何を言っても彼女の意思は変わらないと、エコリアチは悟ったのだろう。やるせなさそうに笑った後、彼は静かにナマエを抱き締めた。その抱擁は一瞬でナマエが何かを言う前に彼は、エコリアチは離れて行ってしまう。ナマエはただ、離れて行くその背中を見送って僅かに思い出した。その背中を、以前も見送った事がある事を。

***

ナマエが乗艦するのを舷梯で待っていた杉元はいきなり肩を掴まれて振り返らされる。狼藉に顔を歪めてその腕を振り払おうとしたが、振り返って相手の顔を確認して拍子抜けした。それはエコリアチだったのだ。唇をへの字に結んだ彼は何も言わずに杉元を睨み付ける。喧嘩でも売られているのかと杉元が睨み返せば、エコリアチは肩を落として俯く。

「あのさ、」

「お、おう……」

沈んだ声のエコリアチについ、身構えてしまう杉元だったが、エコリアチは杉元を確りと見据えて口を開いた。

「ナマエの事、お願いします。記憶なんかどうでも良いから、無事に帰してくれ」

真摯な黒灰色の瞳はナマエの物と色こそ異なっていたが光の強さは同じだと杉元は思った。そう思って、確りと頷いた。杉元の返事に僅かに安堵したように表情を緩めたエコリアチだったが、思い出したように唇を引き結ぶ。
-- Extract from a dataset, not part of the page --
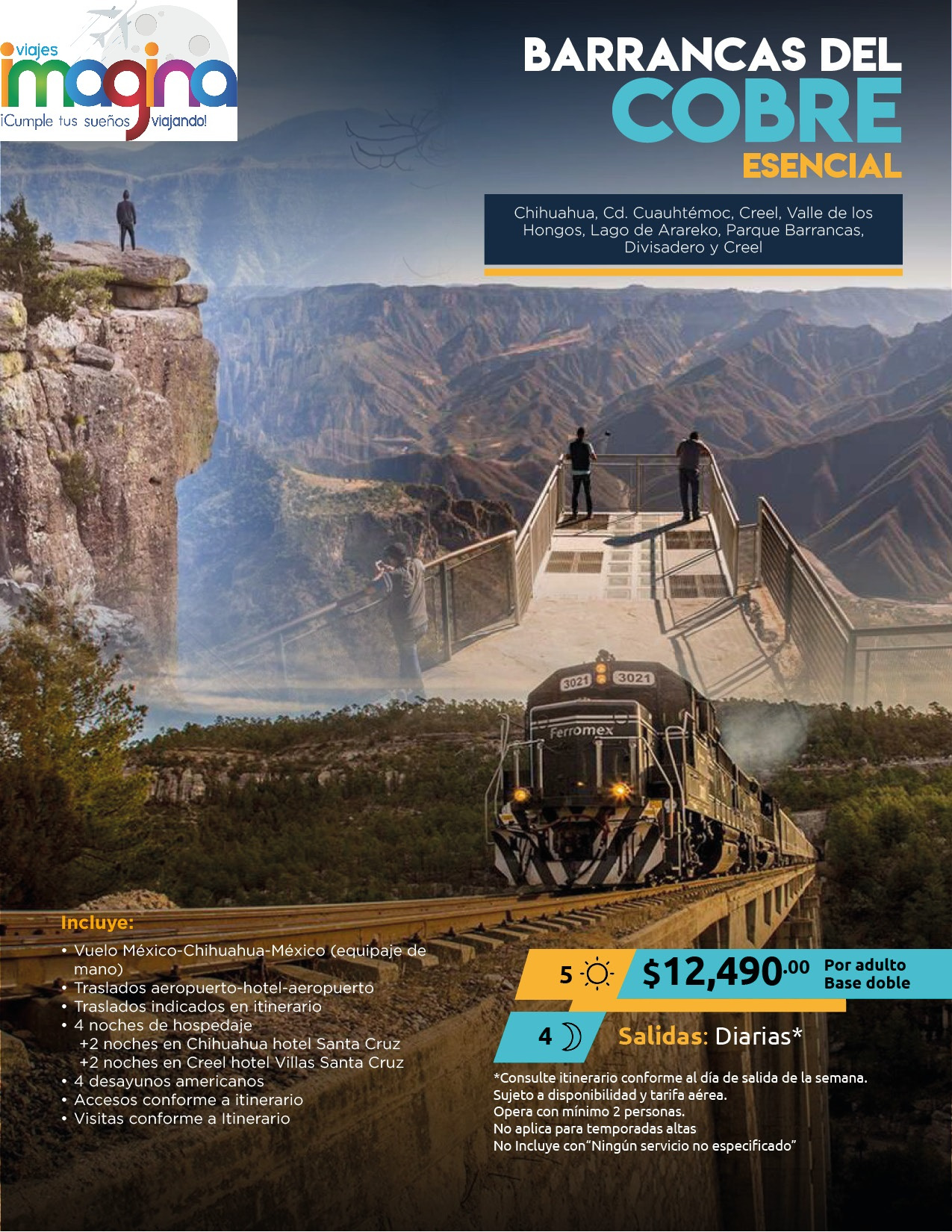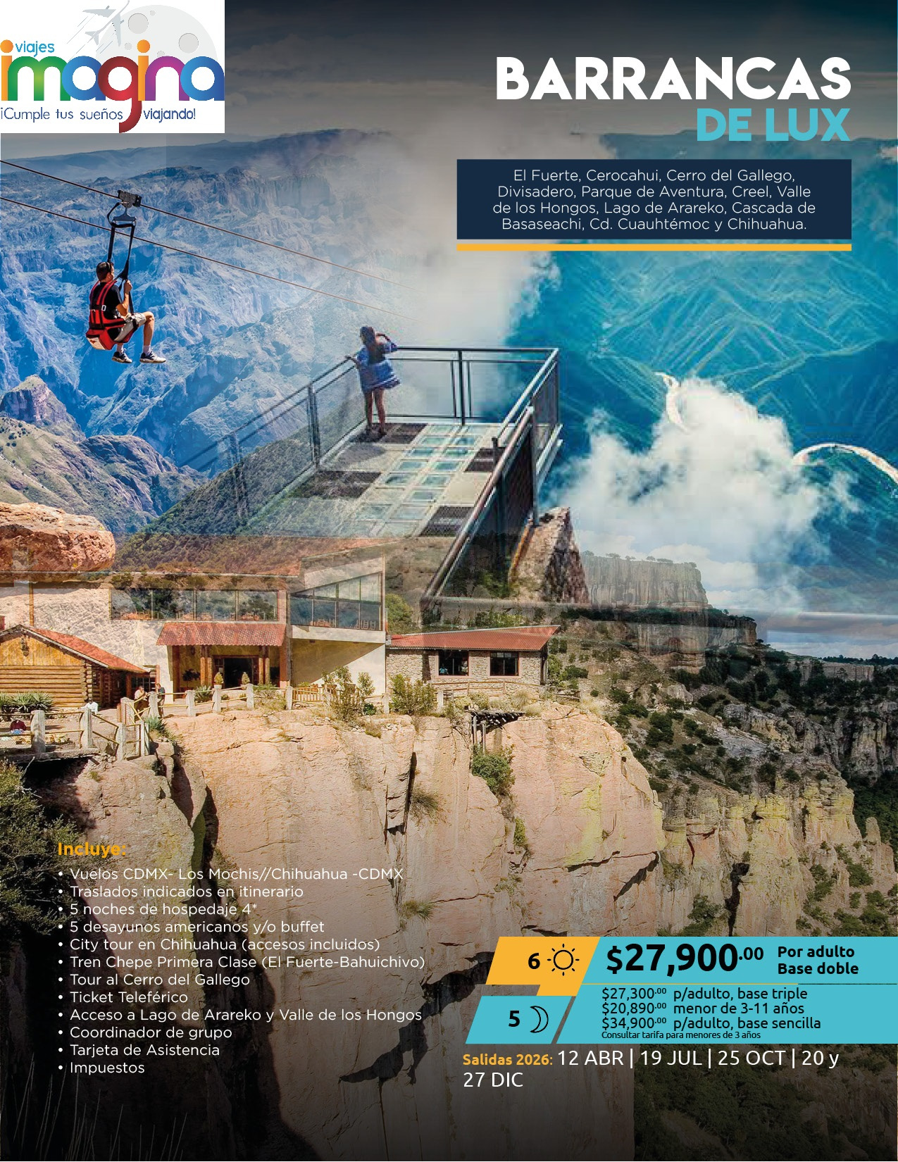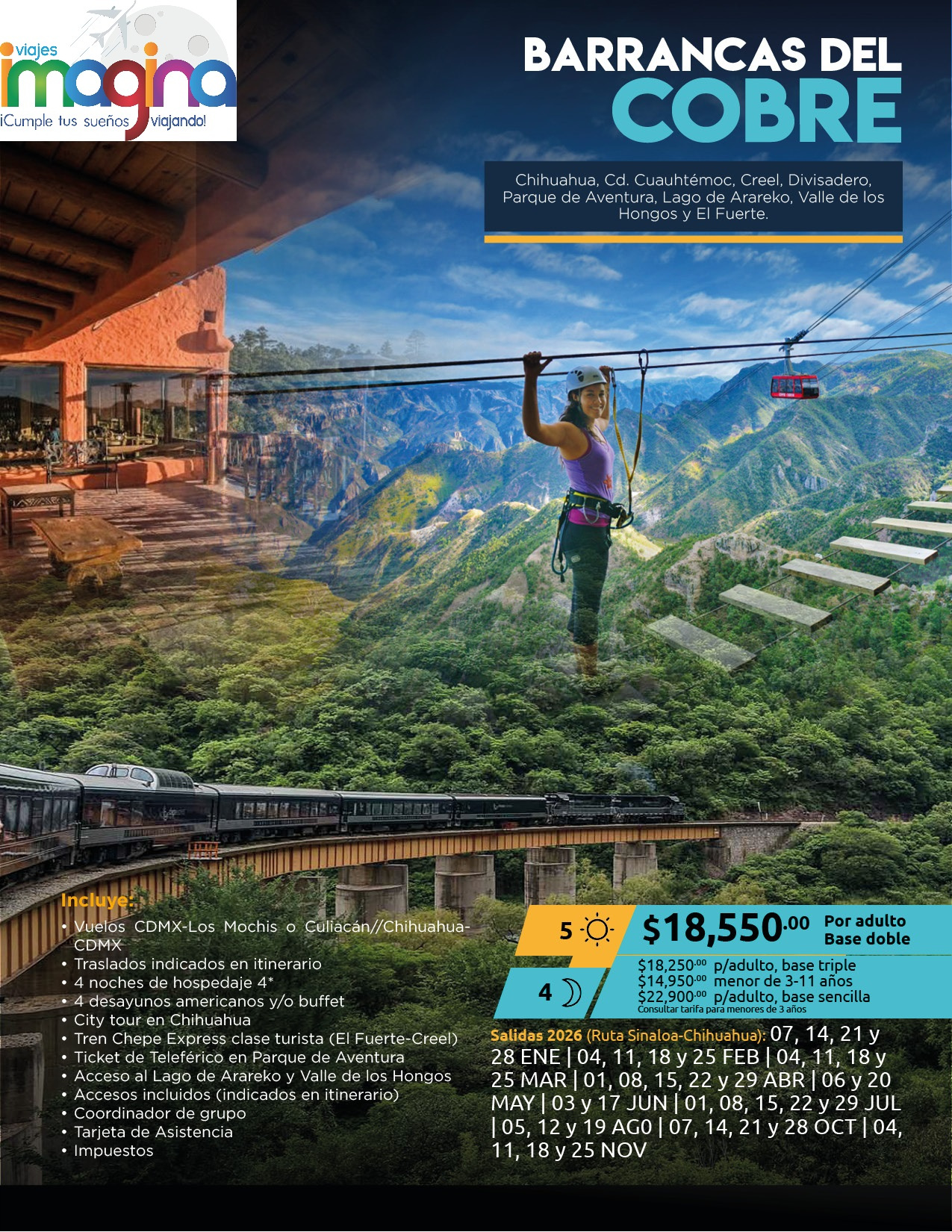 Visitando: El Fuerte, Cerocahui, Cerro del Gallego, Divisadero, Parque de Aventura, Creel, Valle de los Hongos, Lago de Arareko, Cascada de Basaseachi, Cd. Cuauhtémoc y Chihuahua.

それは一見すると恐怖の表情にも見えた。

「……それから、あの子をキロランケには近付けないでくれ」

「、それ、どういう……」

「きっとナマエは、キロランケに縋られたら負けてしまう」

意味深な言葉を与えられ、杉元がその意味を問い質そうとするよりも先にナマエが舷梯に現れる。途端に相好を崩したエコリアチの変わり身の早さに杉元は呆れざるを得ない。

「ごめんなさい、準備出来ました」

「あぁ……、ナマエはやっぱり北海道に残ろう?な?」

「大丈夫だってば。それに、今度会う時はちゃんと思い出して『兄さん』って呼びたいから」

微笑んで別れを惜しみ合う兄妹を前に杉元はエコリアチの言葉の意味を問い質す事は終ぞ出来ず仕舞いであった。

***

樺太までの船旅はナマエが想像していたよりもずっと負担の大きい物であった。そもそもアイヌは鉄の船に乗る事など滅多に無く、記憶が無くてもナマエにとってはこれが初めての船旅だろうと彼女は確信していた。おまけに地面はぐらぐらと揺れて、定まらない視点は眩暈にも似た症状を引き起こす。最初は楽しかった海原の景色も単調となってしまった今ではどことなく気分の悪さの方がずっと意識の根底に置かれているような状況だった。

「……気分が悪いのか?」

冷たい風に当たっている方が気分も良いだろうと甲板に出ていたナマエに不意に声がかかったのは出発してから四半刻も経った頃であった。振り返ればそこにいたのは褐色の肌をした軍人であった。見覚えがあるような、無いような、どっちだったかとナマエがまじまじと彼を見つめれば男は決まり悪そうに顔を顰める。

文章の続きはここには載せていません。